Miss. Brettle: It’s still a chemist now and in that window they had the huge bottles for the chemist sign, one side was green, blue deep blue, and the other side was red, you know what I mean don’t you. They fascinated me, I mean they weren’t small and also there were two or three barbers poles up there as well.
Interviewer: What did you used to do for entertainment?
Mrs. Langley: When I started work I was fourteen – the kind of entertainment there was, was I used to go down to the Salvation Army, they used to have what they called a gym beforehand doing all sorts of exercises and they would finish it off with a bit of dancing or some kind of country dancing. Then at the Institute mainly again on a Saturday night they would have what they called a social evening and you were in sort of groups doing things you know. When you were young, Sunday School was the thing everyone went to, every Sunday and I remember at the Institute we were given sand trays […] pictures and all that kind of thing.
Miss. Brettle: I was at the Stirchley Institute, well we went from so high because I can remember the sand, playing with the sand, well it was mostly to do with. They were all Quakers and we always had a party, what happened there was we were in this hall and we were split up into groups you know, various, boys on the one side, girls on the other, no mixing of course that’s why we’ve all got inferior complex where men are concerned but the boys one side and the girls the other never mixed. […] every year they used to have a party which was a very good party really when you come to think, I mean ‘cause used to have a bag with a bun in or some bread and butter or something like that, but they gave a party like that in Summer and you’d have a bag of food like that you know and it was always held in the manor on the Bristol Road, that Manor Park where all the students are. Well I mean there wasn’t anything like that then, it was just a farm belonging to them [the Cadbury’s] and their house at the back […].

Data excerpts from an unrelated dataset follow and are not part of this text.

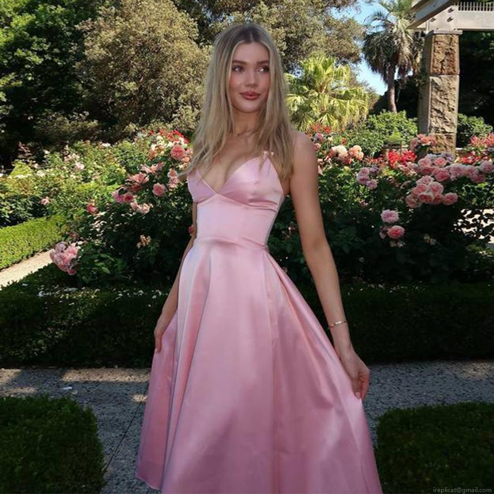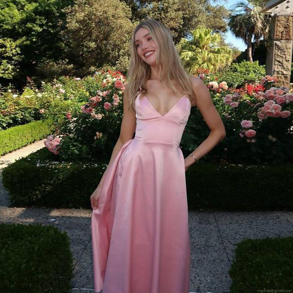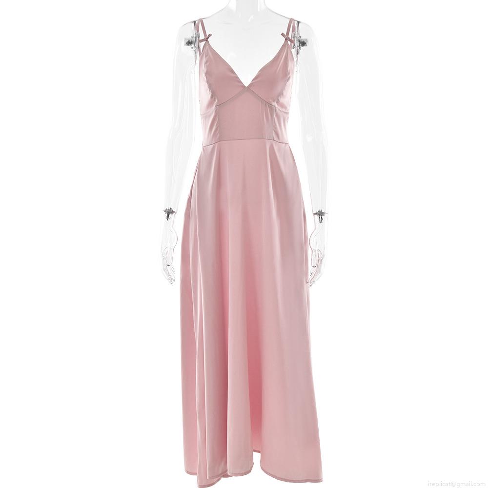 • Women's Sexy V-Neck Backless Satin Maxi Dress Spaghetti Strap Sleeveless A-Line Evening Gown For Wedding Party Cocktail Night Out Pink Polyester Satin Long Dress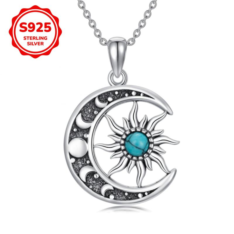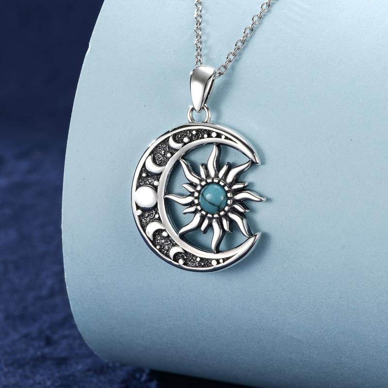Elegant vintage bohemian necklace featuring moon and sun design with turquoise inlay. Hypoallergenic and suitable for daily wear, gatherings, and parties.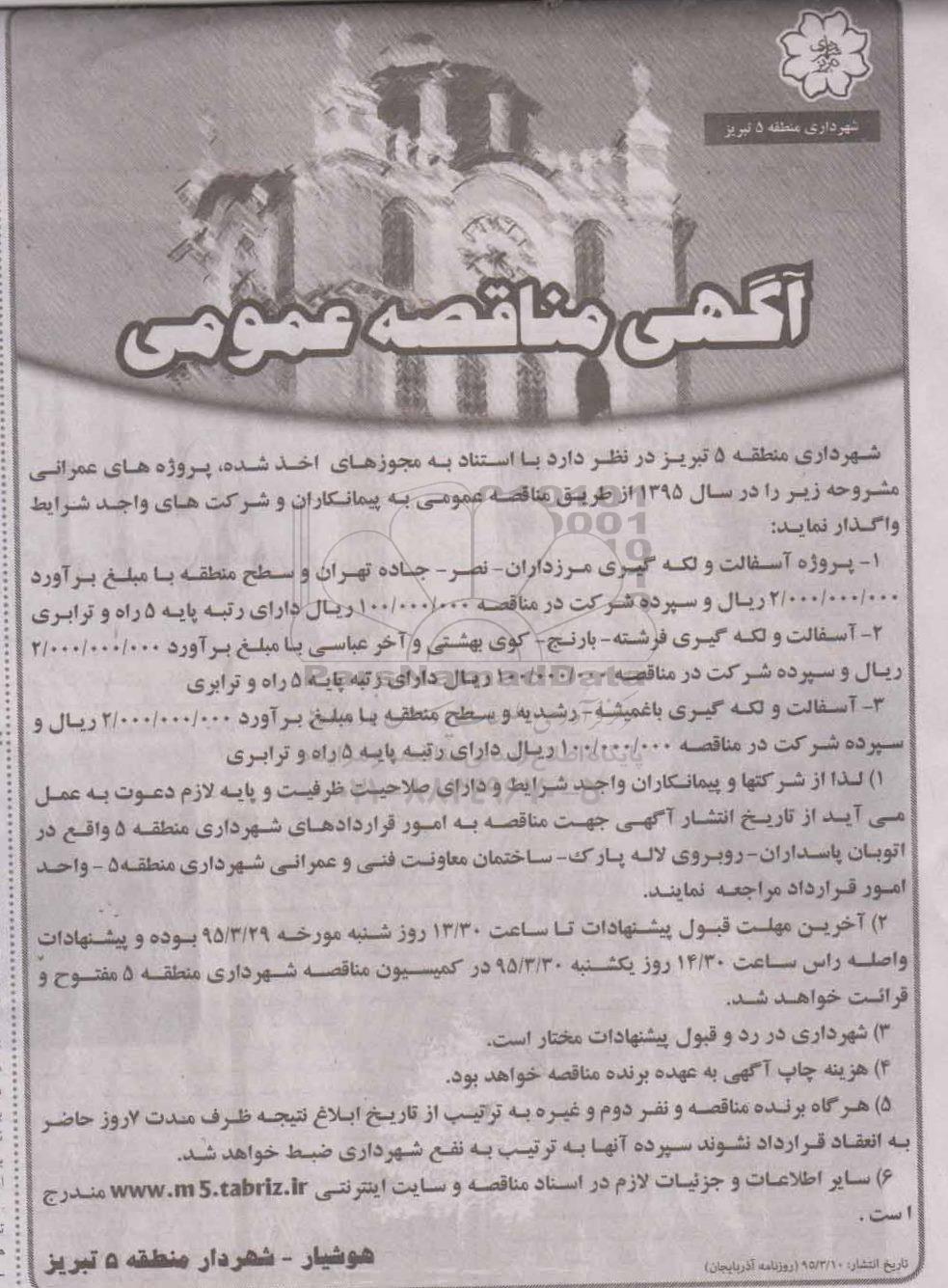 شهرداری منطقه 5 تبریز در نظر دارد باستناد مجوز اخذ شده پروژه های عمرانی مشروحه زیر را در سال 1395 از طریق مناقصه عمومی به پیمانکاران و شرکتهای واجد شرایط واگذار نماید .

Mrs. Porter: They used to have a religious picture at Stirchley Empire didn’t they.
Mrs. Langley: The Stirchley Empire, the picture house on a Saturday afternoon, now I must have been scared of the noise, I’d go with them all and I could hear them all shouting. It took me ages before I’d go in and when I did go in I’d sit on the very end of the seat so I could get out quickly. But what I do remember, was when the lady used to come down to play the piano, all of us would be out carrying her down to play the piano, all of us would be out carrying her down.
Mrs. Porter: Patting her on the back and cheering her and carrying her down to the front.
Mrs. Langley: We used to go and see these serials, all cliffhangers they were. Pearl White would be hanging somewhere.
Miss. Brettle: Or tied on the railway line.
Mrs. Porter: Every child in Stirchley went in there on a Saturday afternoon, they didn’t half cram us in didn’t they.
Miss. Brettle: Because 1927 you see the talkies started but until then it was silent movies you see and I mean I can remember them.
Mrs. Langley: Charlie Chaplin.
Miss. Brettle: Ooh Charlie Chaplin of course, no radio, no television, wireless at first.